Asmuth-Bloom's threshold secret sharing scheme

Question

I was learning Asmuth-Bloom's threshold secret sharing scheme. I was working out an example as given in this Wikipedia article. As per the example, the secret, d is 2, the number of shares, n is 4 and threshold, k is 3. The list of relatively prime integers, m is [3,11,13,17,19] and it follows the criteria $m_1.m_2.m_3 > m_0.m_3.m_4$. As per the example, the shares are generated as $1$ $mod$ $11$, $12$ $mod$ $13$, $2$ $mod$ $17$ and $3$ $mod$ $19$. The example then regenerates the secret using the shares $1$ $mod$ $11$, $12$ $mod$ $13$, $2$ $mod$ $17$.

However, when I tried to reconstruct the secret using two shares ($1$ $mod$ $11$ and $3$ $mod$ $19$) I could regenerate the secret, which is against the threshold property.

I tried for multiple examples and this was true for all cases.

Can somebody explain if I am wrong somewhere or if there is a limitation in the threshold scheme?

Answer 1

I don't believe that, in the example you gave, you can reconstruct the secret using two shares.

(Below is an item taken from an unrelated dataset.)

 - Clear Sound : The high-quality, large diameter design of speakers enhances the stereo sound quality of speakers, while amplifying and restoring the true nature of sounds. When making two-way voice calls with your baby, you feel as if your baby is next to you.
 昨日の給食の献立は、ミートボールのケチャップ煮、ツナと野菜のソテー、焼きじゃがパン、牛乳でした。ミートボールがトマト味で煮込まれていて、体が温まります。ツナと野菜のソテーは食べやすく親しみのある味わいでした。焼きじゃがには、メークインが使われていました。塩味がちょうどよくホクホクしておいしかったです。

$d + \alpha m_0$ is in the range $[0, 2431)$; using the two shares $1 \bmod 11$ and $3 \bmod 19$, you can determine that it is one of $155, 364, 573, 782, 991, 1200, 1409, 1618, 1827, 2036, 2245$, however you have no further information about which it might be. Since these include values consistent with all possible values of $d$ (which must be between 0 and $m_0-1$), we can conclude that the attacker cannot determine the value of $d$, or even eliminate any potential value of $d$.

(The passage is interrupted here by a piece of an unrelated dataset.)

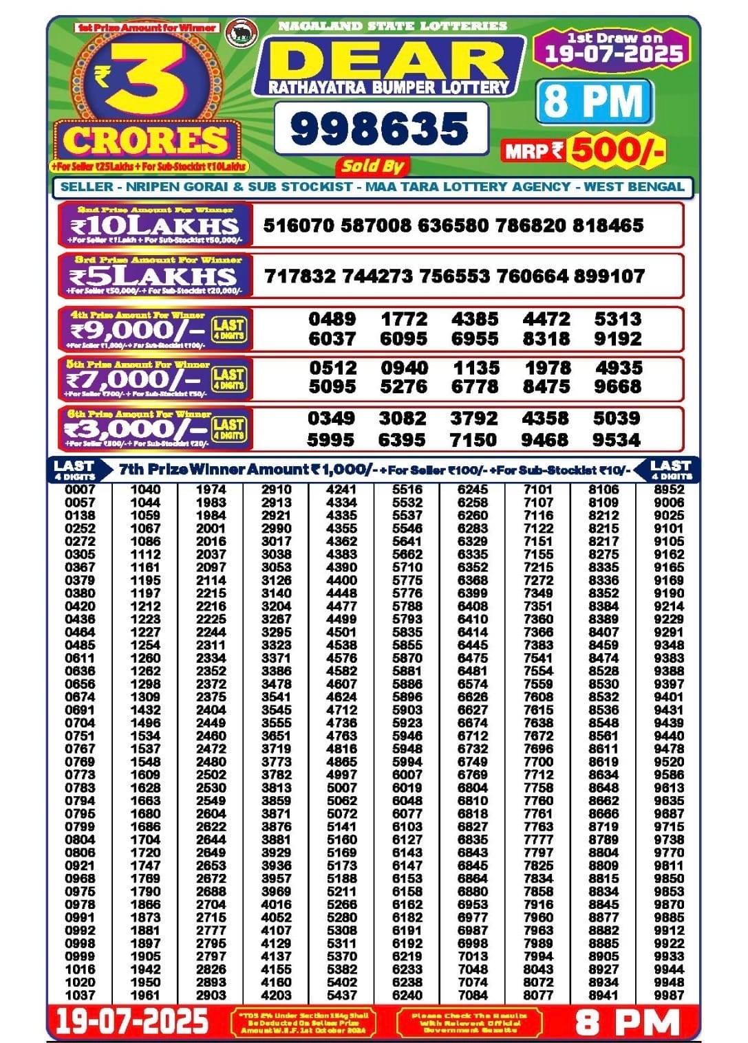 Nagaland State Dear Rathyatra Lottery 19 July 2025 Result 8 PM

On the other hand, if the attacker knows the probability distribution $\alpha$ was chosen from, he can obtain some probabilistic information about $d$. In the case in question, we see that there are four possible values of $\alpha$ that is consistent with $d=1$ and $d=2$, while there are only three possible values that is consistent with $d=0$. If the attacker knows that $\alpha$ was chosen uniformly, he may conclude that while $d=0$ is possible, it is somewhat less probable to be the shared secret than either of the other two.

In contrast, Shamir's Secret Sharing doesn't leak any such probabilistic information for any number of shares less than the threshold.